REPUBLIKA.CO.ID, JAKARTA – Riasan wajah nenek Yohena sederhana, tapi tampak cantik.
Wajahnya dirias lembut dengan make-up yang membuatnya tampak lebih muda. Ia mengenakan baju muslim warna cokelat.
Wanita usia 60 tahun ini adalah salah satu peserta lomba fashion kebaya dan baju muslim dalam rangka hari Kartini. Tak sia-sia, dewan juri menobatkannya sebagai juara favorit untuk kategori busana muslim.
Ternyata, Hari Kartini bukan hanya milik anak-anak sekolah dan kaum muda. Kakek nenek di panti sosial Tresna Werdha Budi Mulia 1 Cipayung, Jakarta Timur pun turut berpartisipasi menyambut hari Kartini.
Bersama dengan Persatuan Istri Karyawan Teklomsel (Perikasel), Rabu (17/4) lalu, puluhan kakek nenek ini menyambut hari Kartini dengan lomba fashion. Tak hanya katagori kostum kebaya terbaik, lomba fashion ini juga menampilkan busana muslim terbaik.
Oma dan opa berlomba-lomba tampil menjadi yang paling cantik dan paling gagah. Raut gembira terpancar mereka mengikuti lomba ini. Beberapa dari mereka bahkan menyempatkan ke salon untuk lomba ini.
Ketua Perisakel Lita Alex J. Sinaga mengatakan agenda ini bertujuan untuk berbagi dalam memperingati Hari Kartini setiap 21 April sekaligus ulang tahun telkomsel ke 18 pada Mei mendatang. Usai lomba, Perisakel mengunjungi kamar-kamar di panti ini, menyapa oma dan opa yang tak mengikuti lomba.
“Kami memilih panti sosial untuk berbagai karena salah satu dari fungsi Telkomsel adalah peduli dengan lingkungannya,” ujar Lita.

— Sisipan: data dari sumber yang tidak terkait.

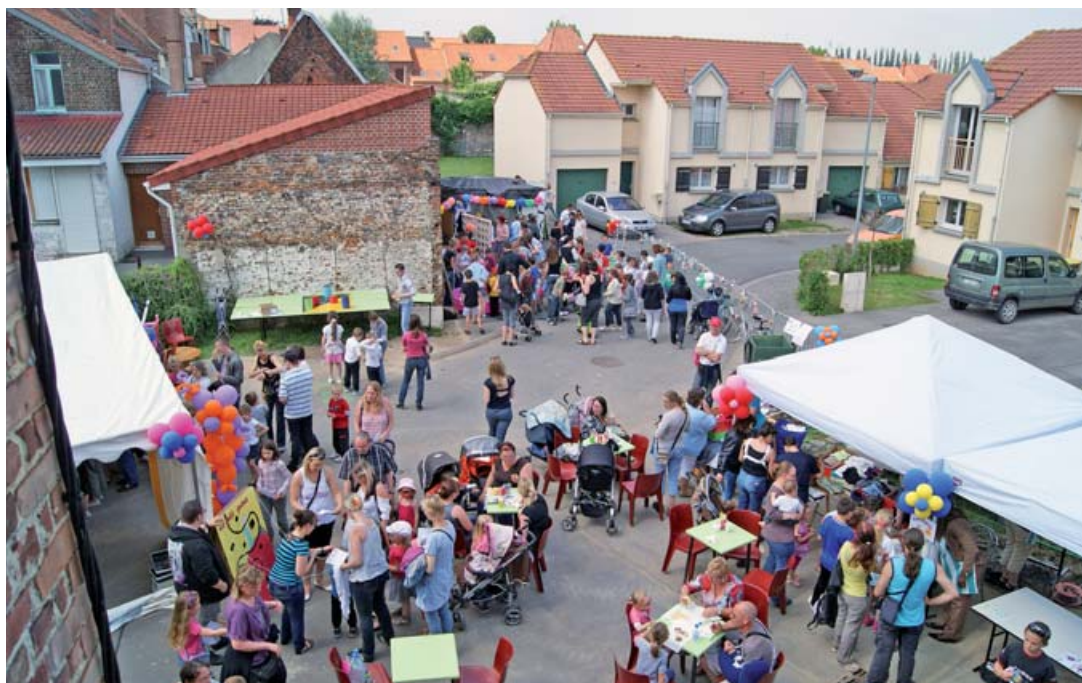
■ Créer du lien entre les générations et favoriser les solidarités !

◀ Contact : Centre social La Maison pour Tous 03 21 52 77 14 maisonpourtous@mairie-lillers.fr
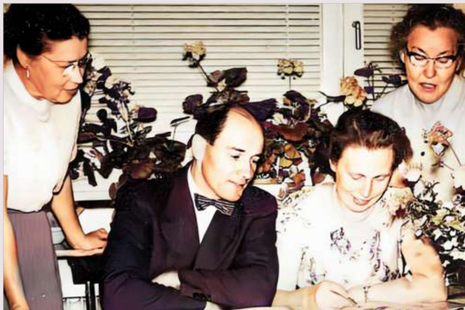
Hos systerna Granath i Falun.
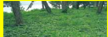
クズが繁茂した松林
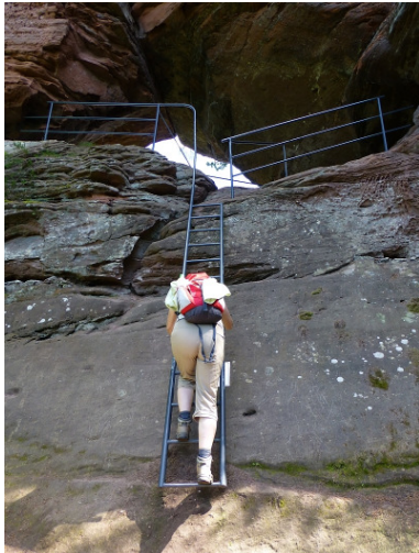
Büttelfels, Aufstieg freiwillig
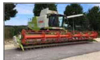
CLAAS LEXION 760 TT Bj. 2011, 1.687 h, 530 PS (390 kW), ATR: 593, ACT, BC Tel.: 07345 933370
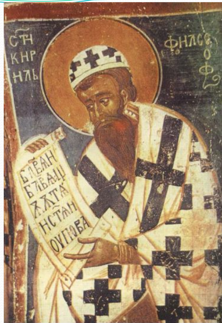
Святой Кирилл. Фреска церкви Апостола Петра. XIII в. Болгария

В Житии Константина о его образовании сообщается: «За три месяца он изучил всю грамматику и взялся за другие науки. Изучил Гомера, геометрию и у Льва и Фотия изучал диалектику и другие философские учения, кроме того — риторику, арифметику, астрономию, музыку и другие эллинские науки. И так он изучил все это, как не изучал ЭТИХ НАУК НИКТО ДРУГОЙ»
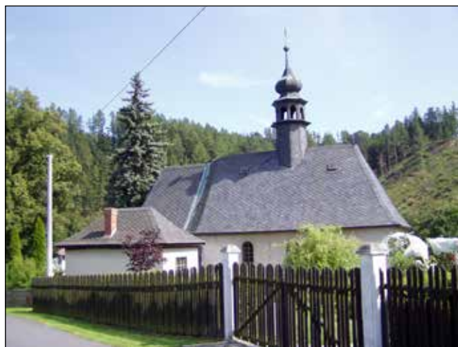
Břidlicové střechy kostela v Kružběrku.
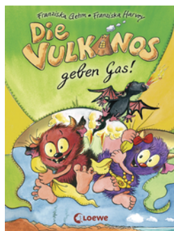
Die Vulkanos geben Gas! (Band 5)
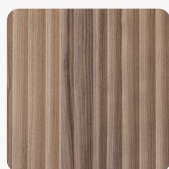
FLOW Nuss amerikanisch Oberflächenstruktur Furnier
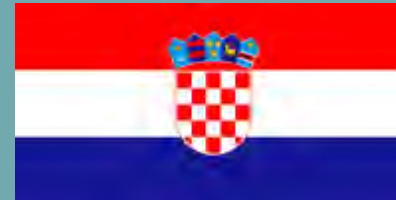
HRVATSKA (Croatia) ZAGREB VRTIĆ TATJANE MARINIĆ
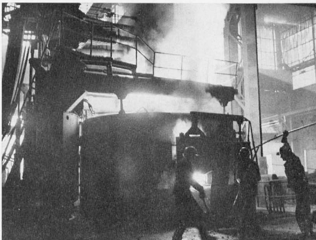
Pri izviru žlahtnega jekla

— začetek oskrbovanja železarne Štore z bogato brazilsko rudo,
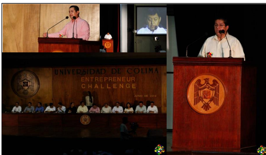
Inauguración Entrepreneur Challenge
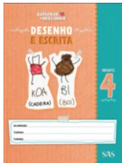
DESENHO E ESCRITA - SAS - ANUAL
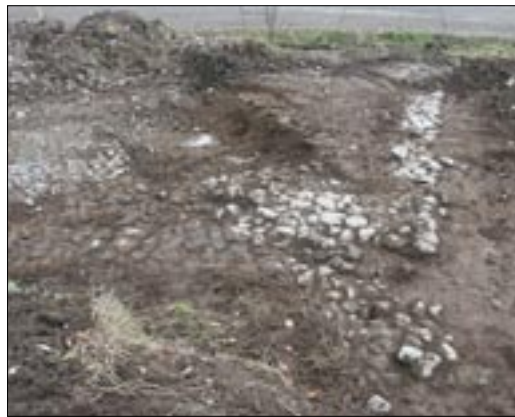
Fig 5. Stenläggningar i undersökningsområdets norra del, schakt 392, tolkade som stensatt väg från tidigmodern tid, samt sannolikt tillhörande gårdsyta.

Jean de Rogier, där det tydligt framgår att det inte fanns någon samlad bytomt, utan att denna varit uppdelad i tre olika bebyggelselägen (UV 3 a–c i utredningsrapporten). UV 3a omfattar sydslutningen av en bergshöjd, platsen för skatte- och kronogården enligt 1650 års karta. Av kartan 1676 framgår att dessa kom att slås samman till Herstadberg säteri, den nuvarande platsen för Herstadbergs gård.
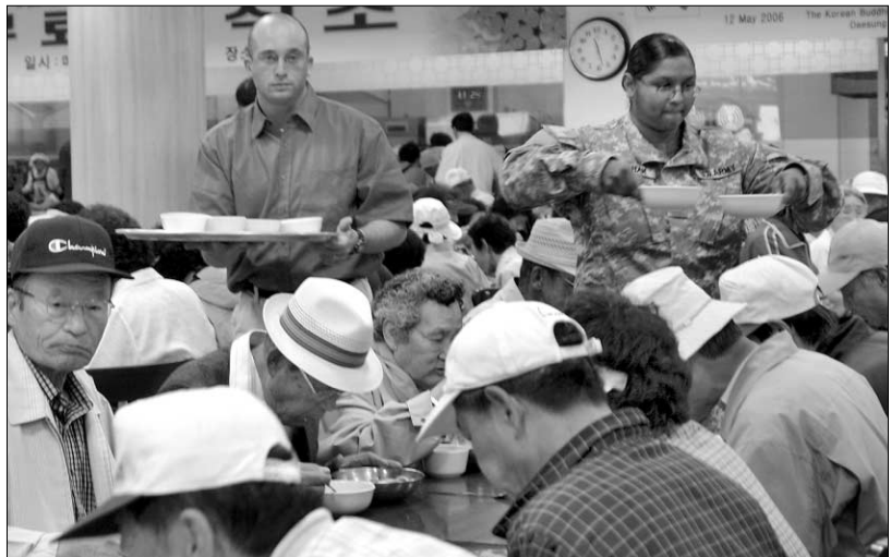
주한 미군들이 대성사가 마련한 급식소에서 배식을 하고 있다.
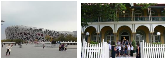
Carte européenne et internationale de Saint-Paul

Dalam bakti sosial ini, Telkomsel sekaligus juga memberikan hadiah kepada sekitar 200 penghuni panti. Ia berharap bantuan yang diberikan mampu memberikan semangat dan bisa menyambung silaturahim dengan penghuni panti yang umumnya tak memiliki keluarga lagi.
Bantuan yang diberikan antara lain paket kebersihan lingkungan panti, paket kesehatan dan obat-obatan, paket MCK (handuk besar dan kecil, peralatan mandi, shampo, minyak kayu putih, celana pendek, kaos dan daster), dan 100 paket susu kalsium.

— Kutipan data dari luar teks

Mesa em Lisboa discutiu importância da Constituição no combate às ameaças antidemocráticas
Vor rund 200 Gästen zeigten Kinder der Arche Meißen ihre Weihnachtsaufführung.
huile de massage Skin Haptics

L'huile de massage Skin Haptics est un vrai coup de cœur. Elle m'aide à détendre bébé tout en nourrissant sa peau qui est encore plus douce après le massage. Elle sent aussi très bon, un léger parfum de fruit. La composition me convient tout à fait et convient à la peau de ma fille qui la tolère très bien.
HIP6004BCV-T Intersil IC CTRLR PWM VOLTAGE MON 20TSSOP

Petugas perawat panti Didy Ponidy mengatakan kedatangan tamu selalu memberikan semangat yang berbeda bagi penghuni panti ini. Menurutnya, ada nilai tambah yang luar biasa ketika ada tamu yang berkunjung.
“Sapaan-sapaan itu bisa menjadi penyejuk buat mereka,” ujar pria yang sudah puluhan tahun bekerja di panti social ini.
Sekitar 200 orang yang tinggal di panti itu, kata Didy, umumnya tidak lagi memiliki keluarga. Sehari-hari, mereka biasa bergaul satu sama lain. Kedatangan tamu, kata dia membuat manula ini memiliki suasana baru.
Dua ratus orang yang tinggal di panti ini tinggal dalam lima wisma. Dua wisma dihuni oleh manula yang harus mendapatkan pelayanan penuh. Empat wisma dihuni oleh manula yang masih bisa beraktivitas.
Panti yang dibangun dengan luas satu hektar ini dikelola oleh tiga perawat petugas panti. Di bulan-bulan tertentu, ada mahasiswa yang sedang praktek membantu aktivitas di pantu ini. Jika tidak ada, semua aktivitas dilakukan oleh tiga petugas ini.
"Makanya kalau ada tamu, mereka senang. Mengingatkan kepada keluarga," ujarnya.